Biography: Priscilla Otani is a San Francisco-based artist whose mixed media works explore the myths, taboos and histories of her Japanese birthplace and her naturalized American culture. As an interdisciplinary artist, she uses readily accessible materials to create visuallystriking installations that compel the viewer to examine polarizing issues such as class, politics, abortion, immigration, and racial prejudice. Her works have been selected in Bay Area, national and international exhibitions and included in numerous private collections. Otani has curated many local, national and international exhibitions. She was President of the National Women’s Caucus from 2013 – 2015 and currently serves as the President of the Board of Northern California Women’s Caucus for Art. Otani received her BA in Psychology and Asian Studies from Mills College in 1974 and MA in Japanese Literature from Columbia University in 1976. Born in Tokyo, Otani is a bi-cultural, naturalized United States citizen.
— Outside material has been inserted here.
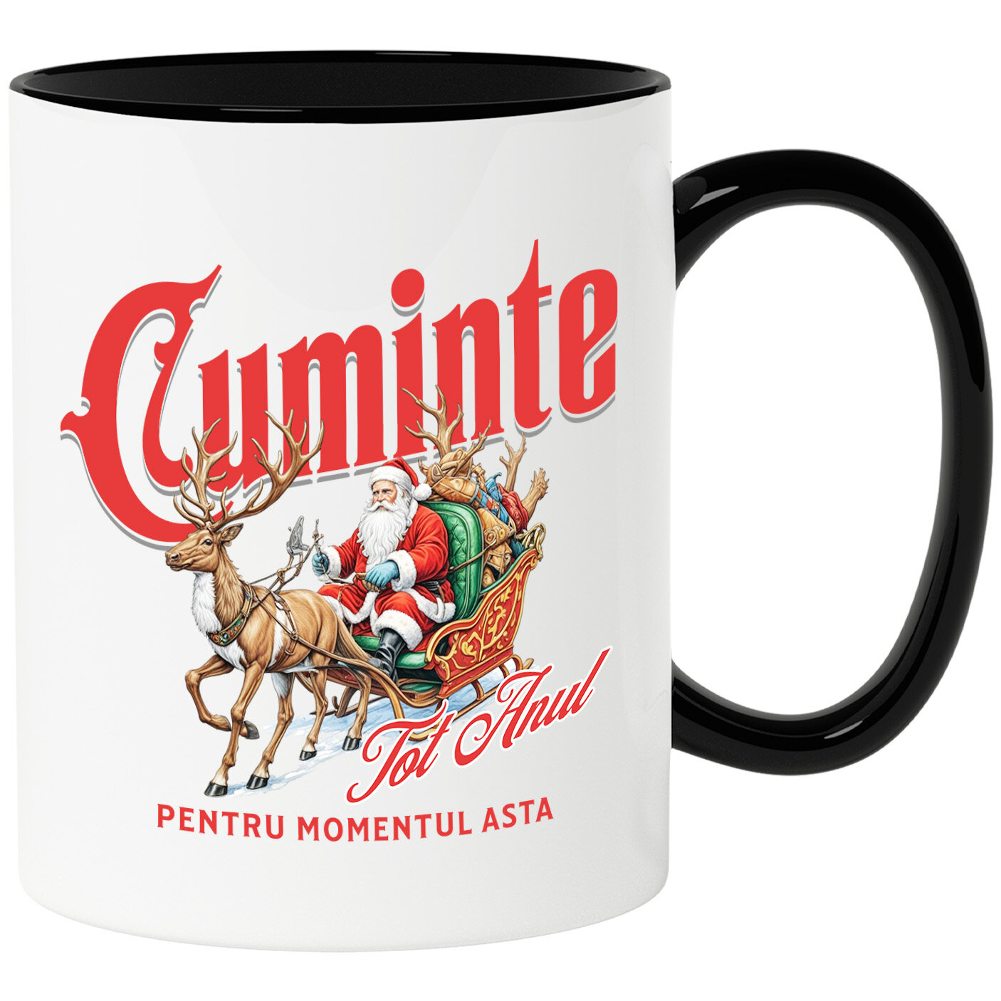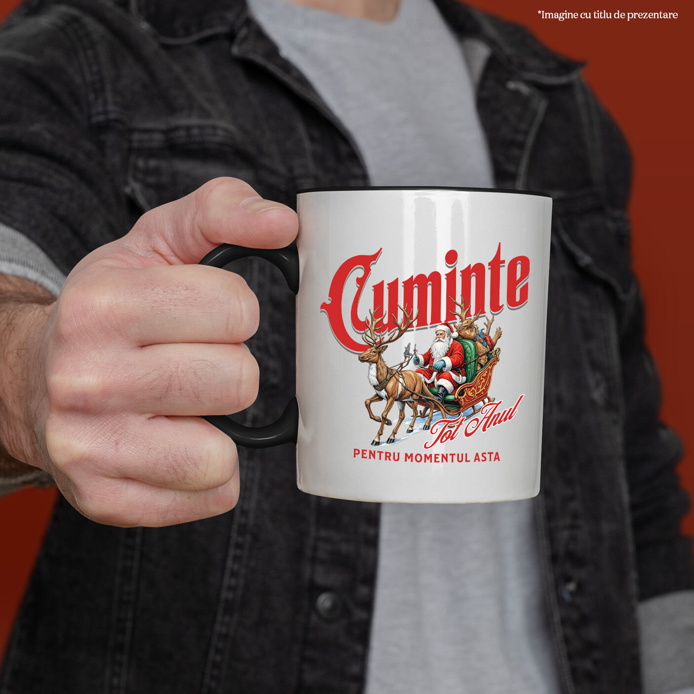 Cana Personalizata cu Sania lui Mos Craciun Trasa De Ren, Cadouri, calatorie Lunga, Copii, Ceramica, 330ML, cu Maner Negru

Statement: The Pleasure Quarters installation consists of a cluster of paper-covered structures surrounded by waxed paper shoes. The structures represent mizushobai or the water trade, named as such because houses of prostitution, theaters and drinking establishments were built along the shores of rivers. Although life in the pleasure quarters was depicted romantically by ukiyo-e artists such as Utamaro, Sharaku and Harunobu, in reality, the women who worked in these houses were sold by destitute farming families and had to work off onerous debts for much of their lives. The shoes symbolize the unspoken world of burakumin, historically living in segregated villages within cities because of their livelihood in tanning, curing, disposing of the dead and other defiling occupations. It is my desire to draw the viewer into discussion of class, race and gender through this visually pleasing installation.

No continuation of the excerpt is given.